RECORDS =>

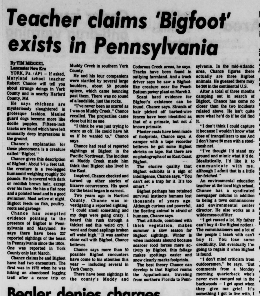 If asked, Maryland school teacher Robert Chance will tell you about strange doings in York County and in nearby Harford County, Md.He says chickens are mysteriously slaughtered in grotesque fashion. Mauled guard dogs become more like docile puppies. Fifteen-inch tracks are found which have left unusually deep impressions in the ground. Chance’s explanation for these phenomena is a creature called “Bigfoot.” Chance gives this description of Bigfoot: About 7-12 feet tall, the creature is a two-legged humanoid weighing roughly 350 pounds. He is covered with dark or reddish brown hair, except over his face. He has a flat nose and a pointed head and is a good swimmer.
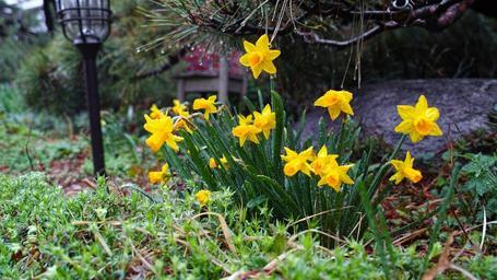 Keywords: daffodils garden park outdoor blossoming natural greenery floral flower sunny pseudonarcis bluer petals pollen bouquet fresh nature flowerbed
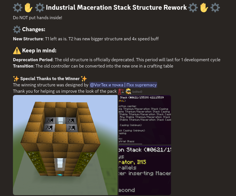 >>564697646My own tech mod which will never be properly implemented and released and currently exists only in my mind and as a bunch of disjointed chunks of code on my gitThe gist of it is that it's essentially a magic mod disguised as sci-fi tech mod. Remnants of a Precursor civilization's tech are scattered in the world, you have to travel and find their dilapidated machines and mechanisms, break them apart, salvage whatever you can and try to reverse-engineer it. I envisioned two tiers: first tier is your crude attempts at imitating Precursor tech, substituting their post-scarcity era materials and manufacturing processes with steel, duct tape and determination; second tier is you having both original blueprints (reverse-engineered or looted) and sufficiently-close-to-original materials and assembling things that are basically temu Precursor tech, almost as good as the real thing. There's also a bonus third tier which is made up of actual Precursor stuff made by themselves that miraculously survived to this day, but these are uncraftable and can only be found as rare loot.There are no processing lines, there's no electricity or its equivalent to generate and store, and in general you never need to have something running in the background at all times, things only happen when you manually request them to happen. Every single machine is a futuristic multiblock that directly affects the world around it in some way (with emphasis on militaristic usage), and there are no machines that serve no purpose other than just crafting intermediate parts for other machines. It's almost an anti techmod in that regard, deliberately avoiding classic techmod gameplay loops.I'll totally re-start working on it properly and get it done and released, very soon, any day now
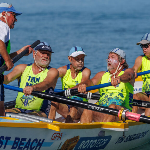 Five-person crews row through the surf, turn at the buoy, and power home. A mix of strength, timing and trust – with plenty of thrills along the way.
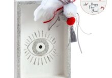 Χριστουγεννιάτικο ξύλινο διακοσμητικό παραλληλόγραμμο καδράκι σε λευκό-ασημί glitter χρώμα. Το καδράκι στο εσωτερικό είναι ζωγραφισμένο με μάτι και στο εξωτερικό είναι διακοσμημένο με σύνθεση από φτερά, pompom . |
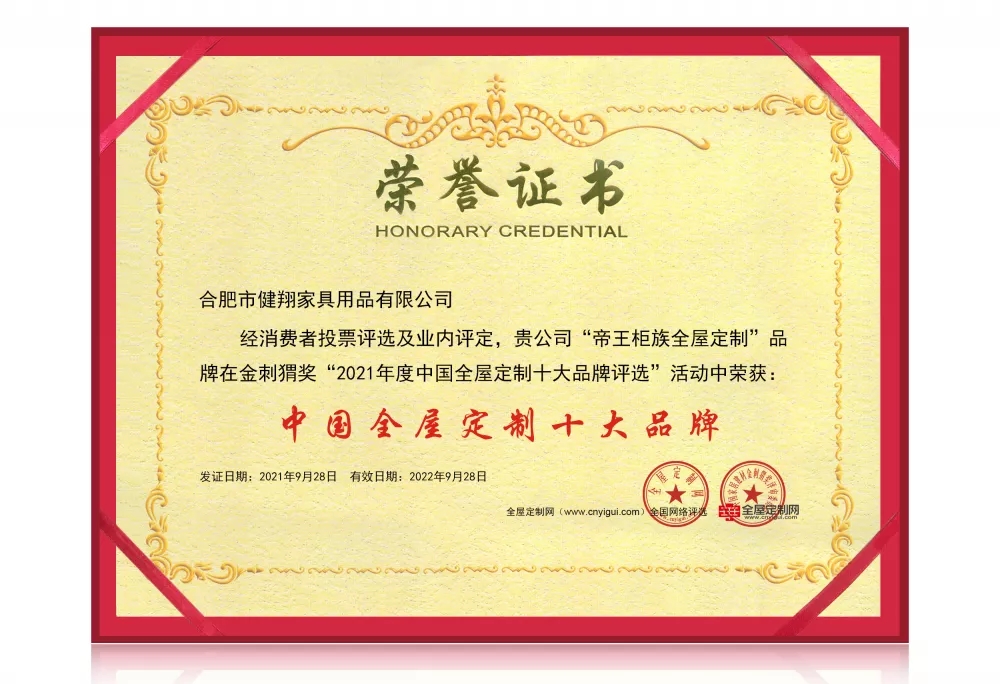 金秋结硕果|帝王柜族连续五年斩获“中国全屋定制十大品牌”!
--
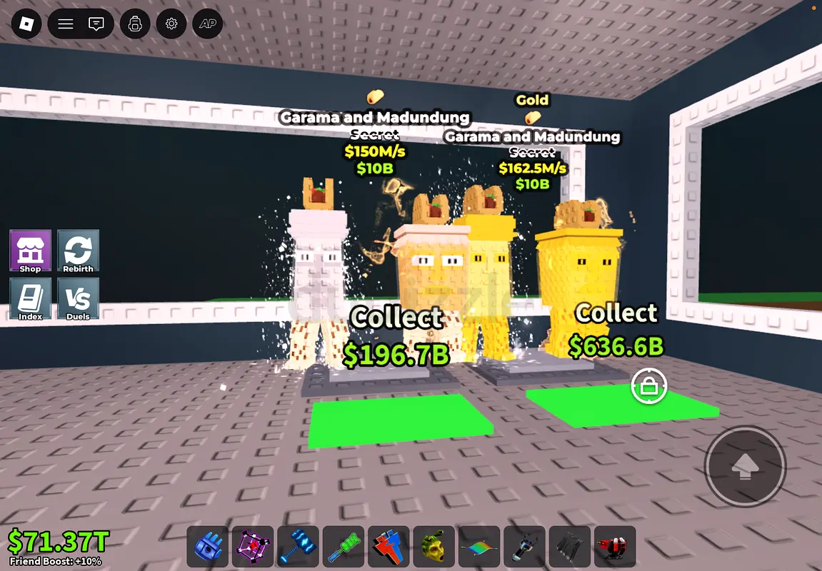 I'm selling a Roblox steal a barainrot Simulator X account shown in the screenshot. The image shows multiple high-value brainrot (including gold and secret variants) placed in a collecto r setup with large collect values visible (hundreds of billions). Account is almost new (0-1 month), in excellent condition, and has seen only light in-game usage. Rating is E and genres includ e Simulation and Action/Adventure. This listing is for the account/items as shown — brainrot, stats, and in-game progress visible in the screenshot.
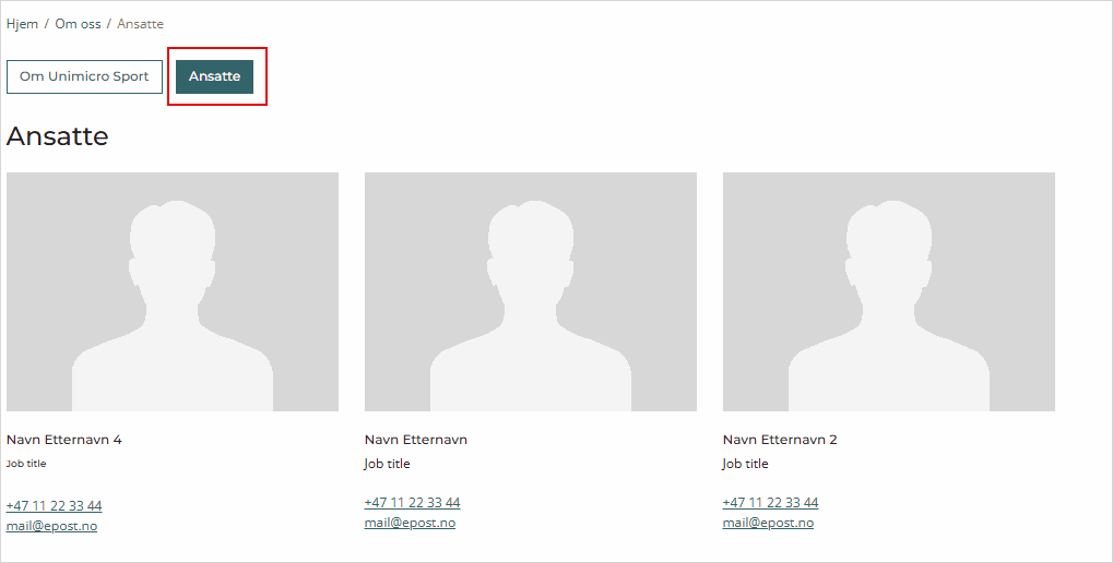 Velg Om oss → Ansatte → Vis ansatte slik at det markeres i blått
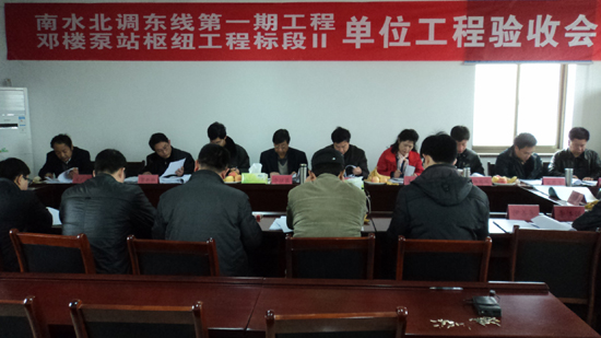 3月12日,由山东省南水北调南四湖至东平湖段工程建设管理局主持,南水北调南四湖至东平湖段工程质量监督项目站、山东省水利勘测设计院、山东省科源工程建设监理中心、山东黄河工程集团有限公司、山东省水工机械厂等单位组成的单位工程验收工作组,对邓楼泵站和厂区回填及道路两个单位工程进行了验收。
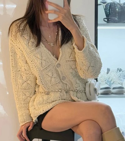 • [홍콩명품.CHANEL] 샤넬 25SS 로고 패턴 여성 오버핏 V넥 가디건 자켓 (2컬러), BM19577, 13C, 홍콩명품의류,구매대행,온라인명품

HOW TO COMPLETE THIS TASK =>
In the listing above, find the line with "Velg Om oss" and the line with "BM19577, 13C, 홍콩명품의류,구매대행,온라인명품". Output both, plus every line between them, and no pictures.

EXERCISE RESULT =>
 Velg Om oss → Ansatte → Vis ansatte slik at det markeres i blått
 3月12日,由山东省南水北调南四湖至东平湖段工程建设管理局主持,南水北调南四湖至东平湖段工程质量监督项目站、山东省水利勘测设计院、山东省科源工程建设监理中心、山东黄河工程集团有限公司、山东省水工机械厂等单位组成的单位工程验收工作组,对邓楼泵站和厂区回填及道路两个单位工程进行了验收。
 • [홍콩명품.CHANEL] 샤넬 25SS 로고 패턴 여성 오버핏 V넥 가디건 자켓 (2컬러), BM19577, 13C, 홍콩명품의류,구매대행,온라인명품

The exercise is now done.